▼
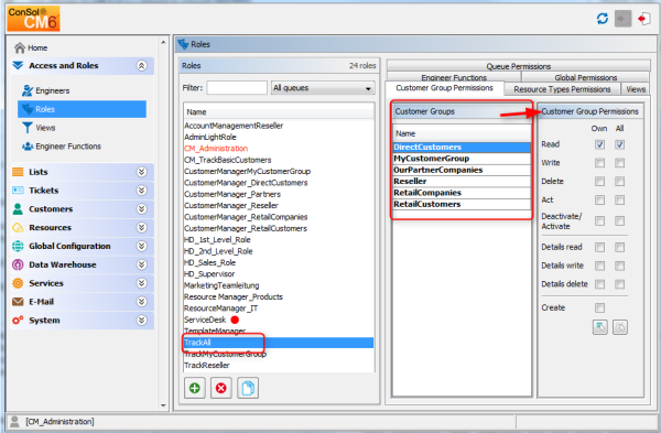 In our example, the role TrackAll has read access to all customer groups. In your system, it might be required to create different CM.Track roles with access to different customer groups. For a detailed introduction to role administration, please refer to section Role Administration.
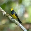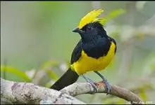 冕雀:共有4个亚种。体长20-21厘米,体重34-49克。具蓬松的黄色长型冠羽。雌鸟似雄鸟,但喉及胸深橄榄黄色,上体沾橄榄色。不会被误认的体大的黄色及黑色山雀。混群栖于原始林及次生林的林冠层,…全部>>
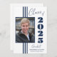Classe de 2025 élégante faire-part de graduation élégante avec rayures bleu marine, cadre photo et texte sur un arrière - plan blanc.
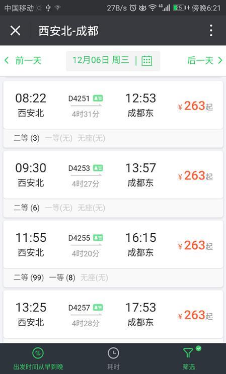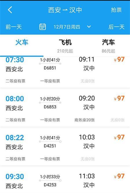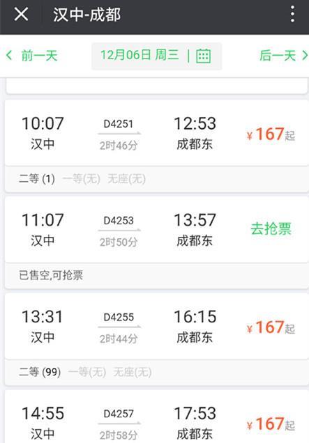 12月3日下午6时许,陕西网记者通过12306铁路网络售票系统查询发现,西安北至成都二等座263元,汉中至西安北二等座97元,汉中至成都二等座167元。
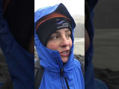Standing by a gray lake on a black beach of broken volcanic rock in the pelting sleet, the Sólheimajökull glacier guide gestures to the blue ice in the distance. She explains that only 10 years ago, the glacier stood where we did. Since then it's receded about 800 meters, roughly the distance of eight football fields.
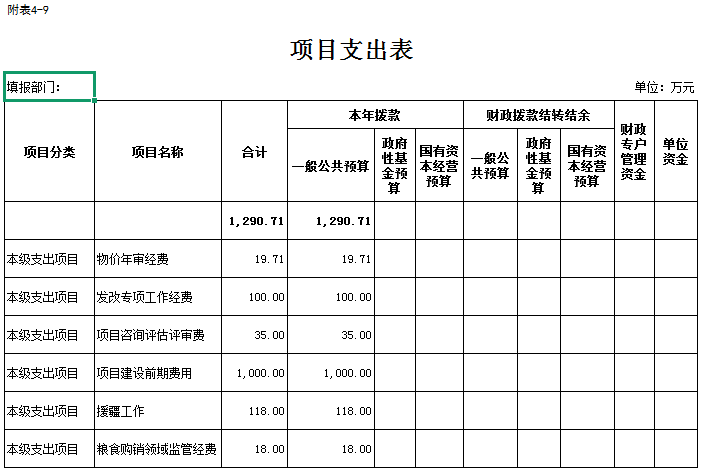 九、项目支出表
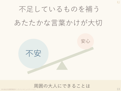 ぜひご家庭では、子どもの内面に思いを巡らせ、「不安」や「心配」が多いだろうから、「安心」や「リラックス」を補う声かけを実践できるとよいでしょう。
▲
▼
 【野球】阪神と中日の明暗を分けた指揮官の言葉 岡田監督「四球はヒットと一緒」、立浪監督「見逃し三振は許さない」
▲
▼
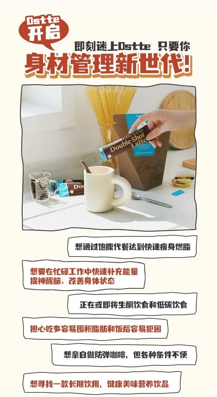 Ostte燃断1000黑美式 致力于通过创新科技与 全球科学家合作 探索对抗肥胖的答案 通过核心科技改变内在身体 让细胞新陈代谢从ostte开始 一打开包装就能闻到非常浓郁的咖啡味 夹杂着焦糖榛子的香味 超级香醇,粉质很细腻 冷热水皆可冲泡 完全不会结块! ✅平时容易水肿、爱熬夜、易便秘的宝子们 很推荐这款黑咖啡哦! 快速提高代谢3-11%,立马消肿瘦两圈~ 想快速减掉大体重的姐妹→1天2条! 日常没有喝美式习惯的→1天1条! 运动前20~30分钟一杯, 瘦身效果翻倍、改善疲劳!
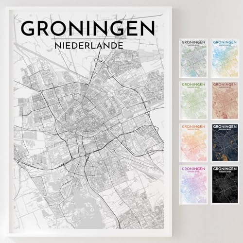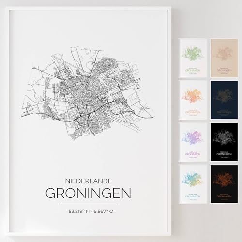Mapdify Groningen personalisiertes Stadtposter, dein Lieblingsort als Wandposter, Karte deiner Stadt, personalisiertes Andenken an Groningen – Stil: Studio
▲
--- Task brief ---
Everything above from the line that has "In our example, the" down to the line that has "ぜひご家庭では、子どもの内面" should be output exactly, with both of those lines included. Leave the pictures behind.

--- Solution to the exercise ---
 In our example, the role TrackAll has read access to all customer groups. In your system, it might be required to create different CM.Track roles with access to different customer groups. For a detailed introduction to role administration, please refer to section Role Administration.
 冕雀:共有4个亚种。体长20-21厘米,体重34-49克。具蓬松的黄色长型冠羽。雌鸟似雄鸟,但喉及胸深橄榄黄色,上体沾橄榄色。不会被误认的体大的黄色及黑色山雀。混群栖于原始林及次生林的林冠层,…全部>>
Classe de 2025 élégante faire-part de graduation élégante avec rayures bleu marine, cadre photo et texte sur un arrière - plan blanc.
 12月3日下午6时许,陕西网记者通过12306铁路网络售票系统查询发现,西安北至成都二等座263元,汉中至西安北二等座97元,汉中至成都二等座167元。
Standing by a gray lake on a black beach of broken volcanic rock in the pelting sleet, the Sólheimajökull glacier guide gestures to the blue ice in the distance. She explains that only 10 years ago, the glacier stood where we did. Since then it's receded about 800 meters, roughly the distance of eight football fields.
 九、项目支出表
 ぜひご家庭では、子どもの内面に思いを巡らせ、「不安」や「心配」が多いだろうから、「安心」や「リラックス」を補う声かけを実践できるとよいでしょう。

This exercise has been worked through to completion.